From the line that contains "저거 예전에 돌던 카톡" to the final line below, both included, print each line exactly and skip the pictures.

DATA SECTION:
#####
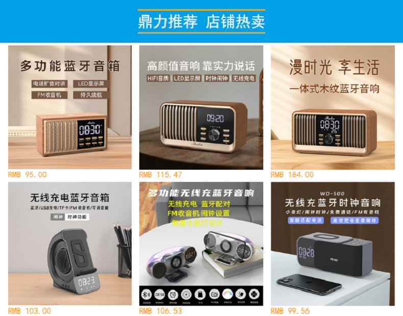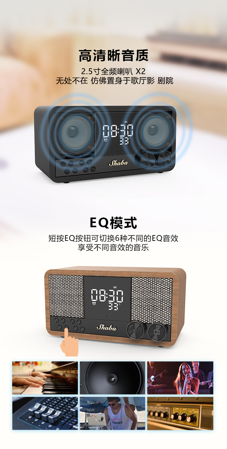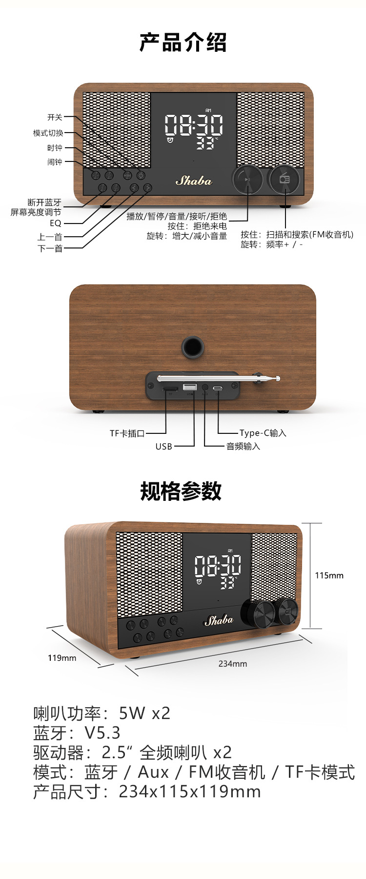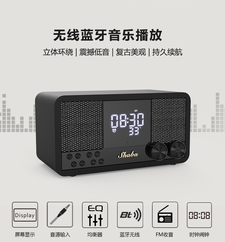 국경 간 복고풍 블루투스 스피커 목조 홈 FM 라디오 시계 알람 시계 오디오 블루투스 서브 우퍼스토어 가기
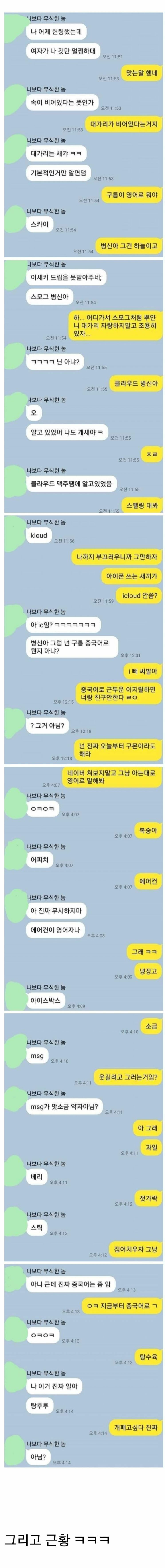 저거 예전에 돌던 카톡 캡처인데, 자기 빡대가리지만 착한 친구 놀리는 거 였음. 아마 유게이 였던걸로 꽤나 여러 시리즈가 있었음 | 25.02.09 22:21 | | |
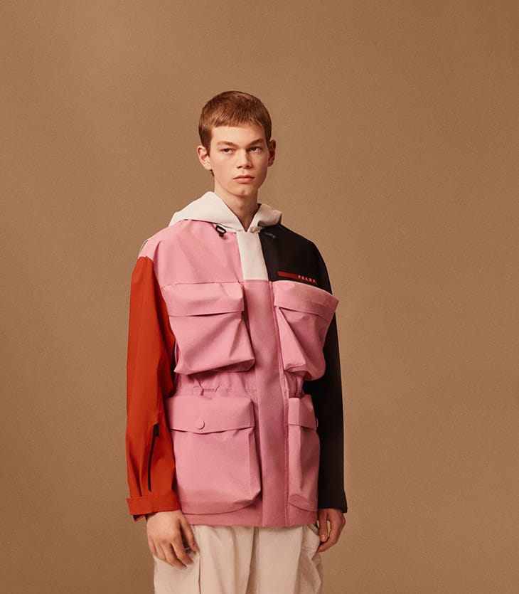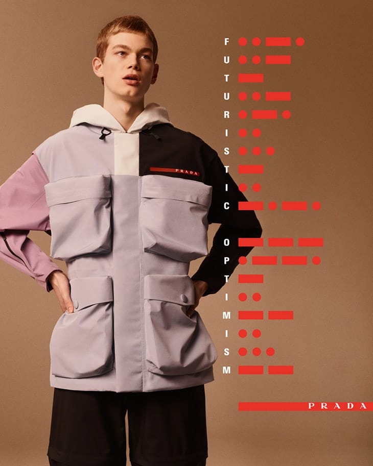 “Models Jacob Lepp and Jiao Tong team up with fashion photographer Timur Celikdag for Prada Linea Rossa‘s Spring Summer 2020 Morse Code campaign. Styling is work of Max Clark. In charge of creative direction was Ferdinando Verderi. For the advertisement Jacob and Jiao were joined by Julia Merkelbach and Kukua Williams.” – Malemodelscene.net
#####
WRITTEN ANSWER:
 저거 예전에 돌던 카톡 캡처인데, 자기 빡대가리지만 착한 친구 놀리는 거 였음. 아마 유게이 였던걸로 꽤나 여러 시리즈가 있었음 | 25.02.09 22:21 | | |
 “Models Jacob Lepp and Jiao Tong team up with fashion photographer Timur Celikdag for Prada Linea Rossa‘s Spring Summer 2020 Morse Code campaign. Styling is work of Max Clark. In charge of creative direction was Ferdinando Verderi. For the advertisement Jacob and Jiao were joined by Julia Merkelbach and Kukua Williams.” – Malemodelscene.net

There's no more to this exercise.